Don’t you just love a good Starbucks Strawberry Frappuccino? Mmm…delicious strawberry coloring and taste, the crushed beetles are so authentic. Crushed beetles? Yes–I mean how did you think they manufactured that pink strawberry-like coloring? Oh…ha ha ha…you thought fresh strawberries? Oh heavens, and did you think Chicken McNuggets were chicken?…

Well it looks like hordes of non-discerning consumers–oddly many vegans–are upset that Starbucks uses crushed-up beetles to make their unusually pink drinks pink. I guess being vegetarian doesn’t require any complex understanding of food–you know, like the natural coloring of fruit is not maintained once its structure is disrupted (it’s kind of observational…apple turns brown when you bite it…). Consequently, they gotta use something artificial to make artificial drinks.

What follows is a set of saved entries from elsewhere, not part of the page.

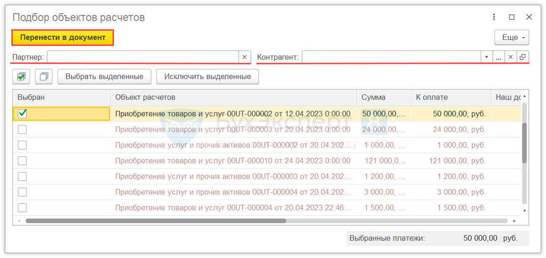 Кнопка Подобрать по остаткам откроет поле выбора Подбор объектов расчетов. Это позволит выбрать из документов объект расчета и перенести данные в Авансовый отчет. Для быстрого поиска воспользуйтесь сотрировкой по Партнеру или Контрагенту.
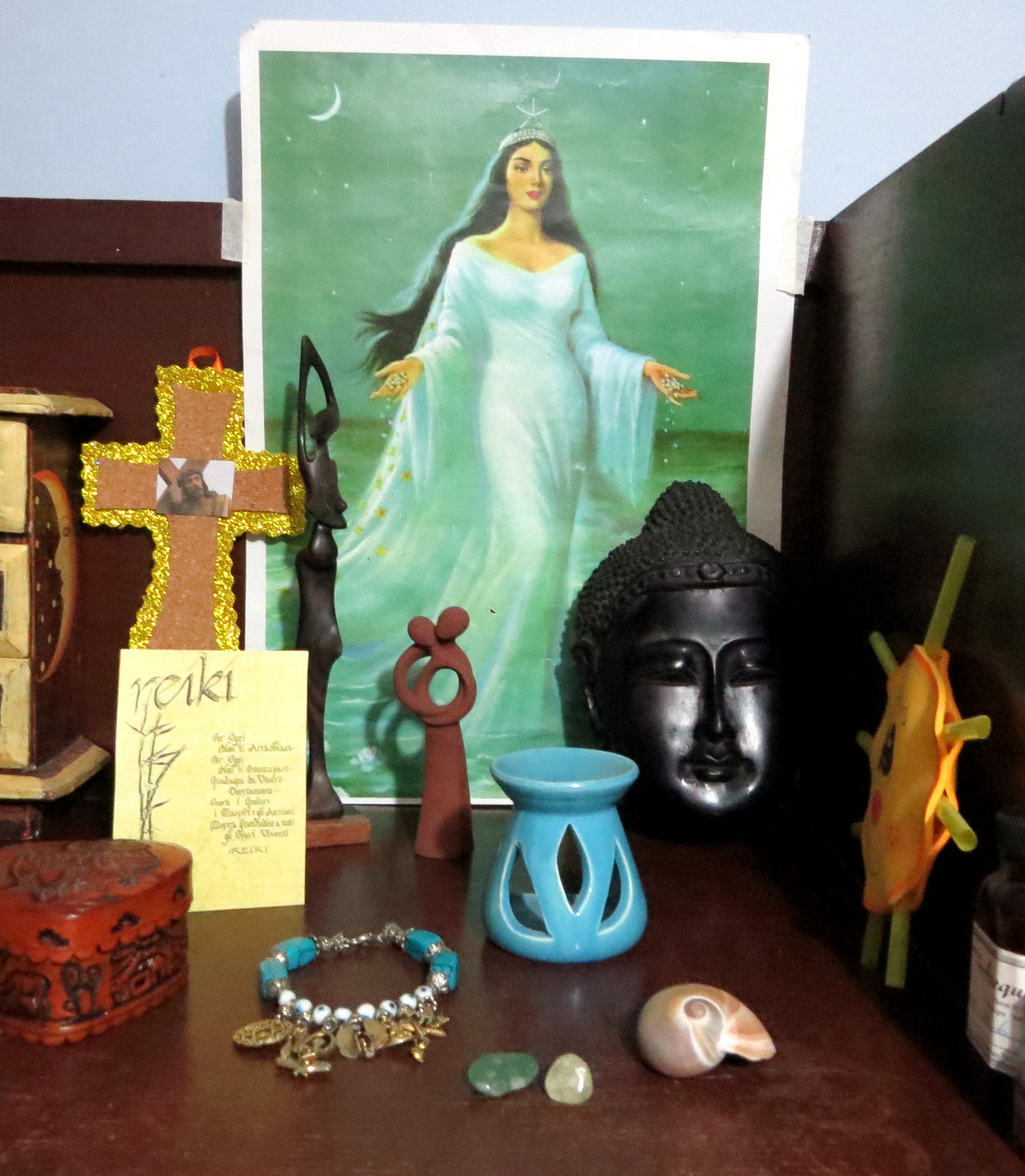 La maschera di Budda appena comprata ad una “vendita di Garage” mi è caduta a pennello: con parole molto semplici le ho cominciato a spiegare come non tutte le persone accettino Gesù nella loro vita ma anche altre figure di uguale importanza, fra cui appunto Budda e molte altre. La mamma, per esempio, saluta e rende omaggio alla signora che sta in quella foto e che si chiama Yemanjà. Allora ci siamo avvicinate al mio altare personale dove, oltre alla Grande Madre Yoruba, c’era anche un’altra statuetta arrivata direttamente dall’Africa che rappresenta sempre la madre e altri oggetti ben più esoterici. Le ho spiegato il perchè di ognuno e alla fine ho deciso di sacrificare l’altare per farne uno collettivo: ho dovuto accettare l’idea di appoggiarvi anche il famoso crocefisso (sig!) e poi un sole di plastica fatto a scuola per non dimenticare che esiste anche Inti, il Dio Sole degli Inca.
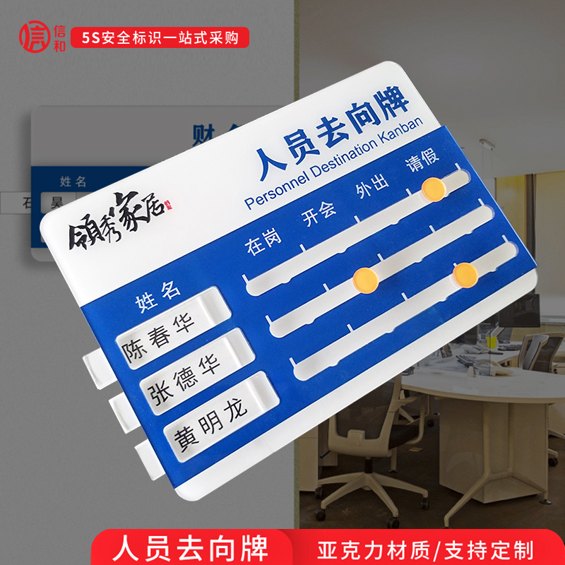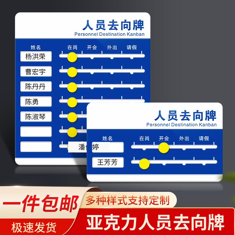 亚克力人员去向牌定制员工在岗离岗状态公示牌标识牌姓名公告去向板值班部门工作人员动向通知牌公示牌指示牌
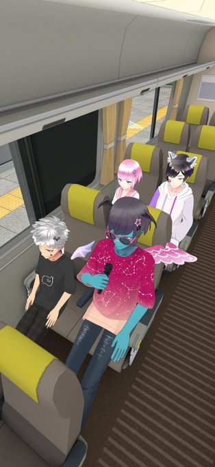廻玖さん、ナユタン、にまさん、ソフィさん&ゾフィさんでゆるがば旅行~🚃☝️✨なんかマイク持ってて、ツアコンみたいwww
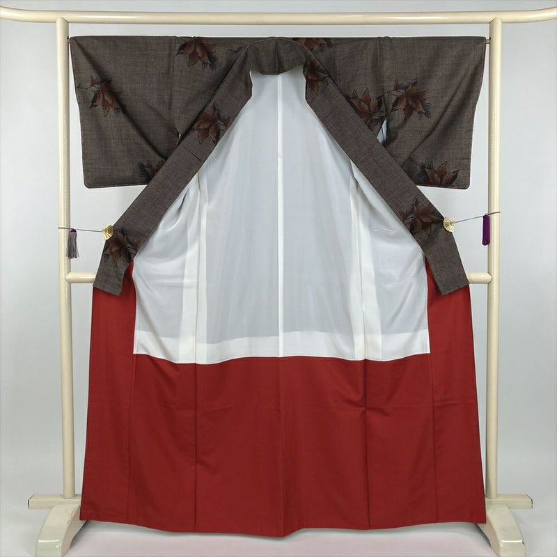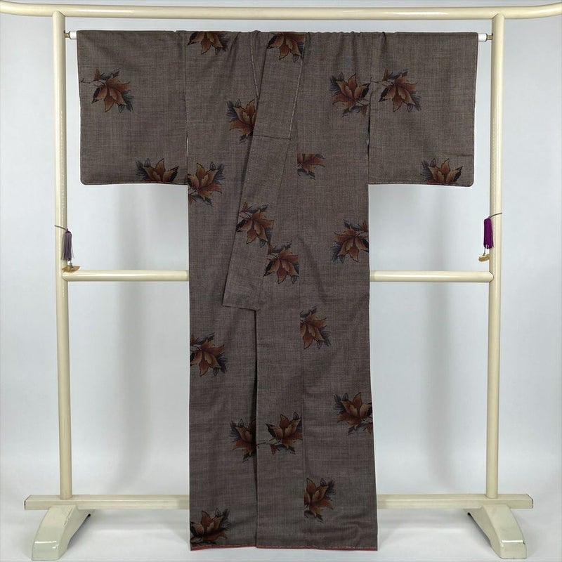 (中古) 大島紬 茶色 カジュアル 織り 四季花 袷 絹【身丈】162cm【裄丈】67cm
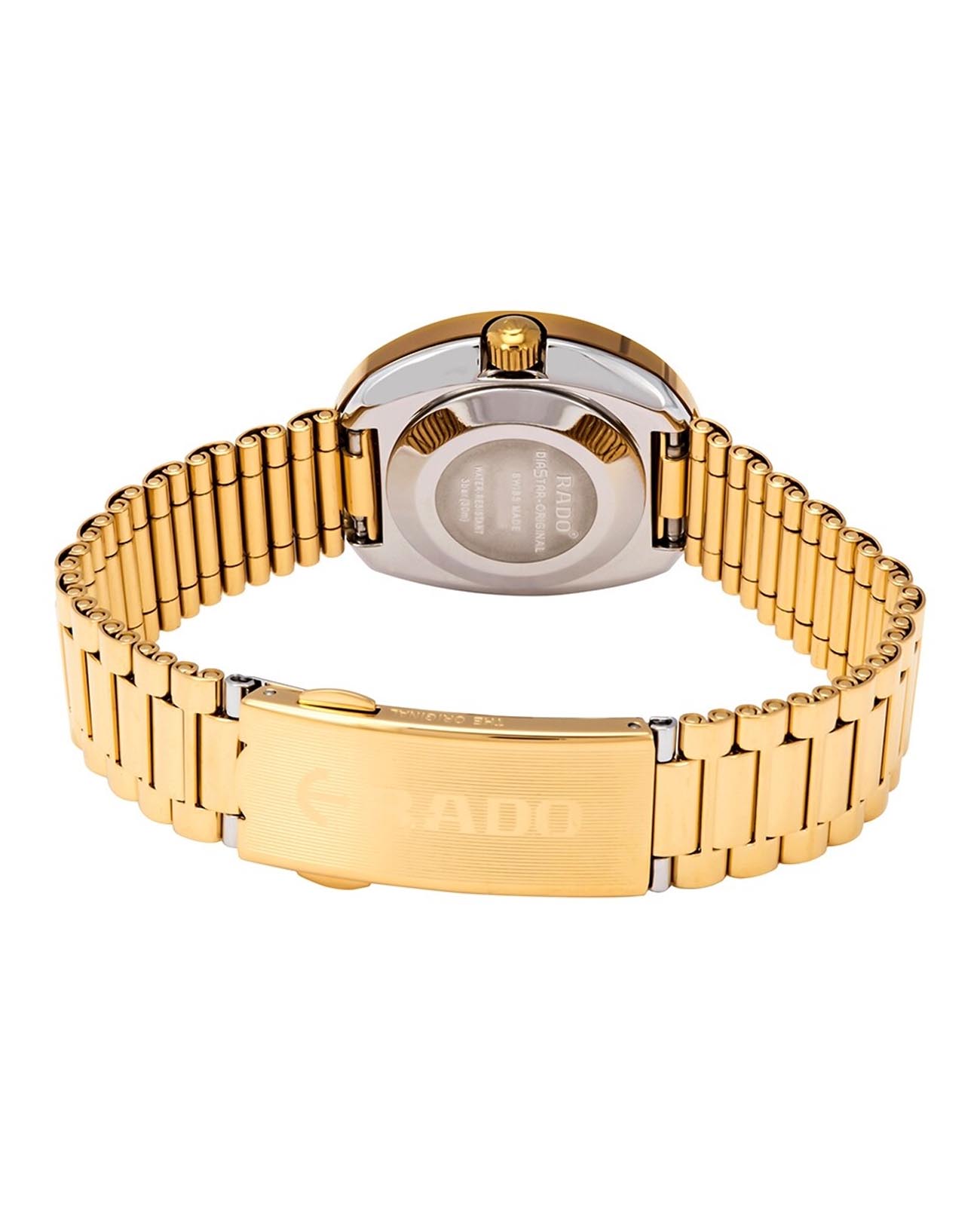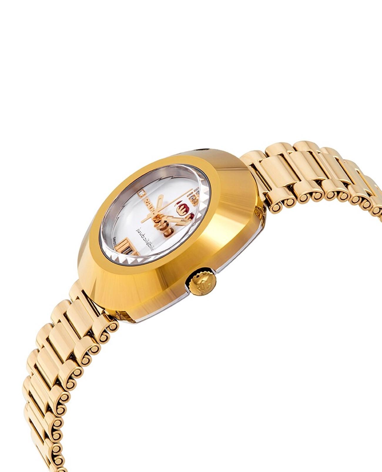 Женские механические швейцарские часы с автоподзаводом Rado The Original R12416034, кварцевый механизм с высокой точностью. Сапфировое стеклоСапфировое стеклоПрочный и надёжный материал из кристалла сапфира синтетического происхождения, характеризующийся особой твёрдостью и устойчивостью к царапинам и повреждениям. устойчивое к появлению царапин, обладающее высокой прозрачностью. Корпус и браслет часов выполнены из нержавеющей стали c PVD-покрытиемPVDУльтратонкое покрытие наносится в технике вакуумного напыления, сочетает в себе нитрид титана особой прочности со слоем золота или оксида хрома. Несёт в себе декоративную или защитную функцию.. Циферблат инкрустирован бриллиантами. Класс водозащиты: 30 метров, позволит защитить корпус от случайных брызг или капель дождя. Браслет на раскладной застёжкеРаскладная застёжкаТакой тип застёжки используется только на браслетах из металла. Она никогда не раскрывается полностью, происходит разделение на 2 и более частей. Раскладывающая застёжка снизит вероятность потери часов к минимуму..
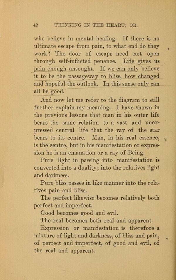 who believe in mental healing. If there is no ultimate escape from pain, to what end do they work? The door of escape need not open through self-inflicted penance. Life gives us pain enough unsought. If we can only believe it to be the passageway to bliss, how changed and hopeful the outlook. In this sense only can all be good.

“Natural” Cochineal Beetles

Soooo….since Starbucks relies so heavily on its non-discriminating customers, and it wouldn’t think of continuing to offend such pure dietary champions as its vegetarian base, it has decided to stop its practice of using crushed up cochineal beetles. Bravo! Now they can use chemicals like everybody else!

And Starbucks’ vegan customers can continue to fool themselves into believing that they are actually drinking strawberries–yay! Ha ha ha…human folly.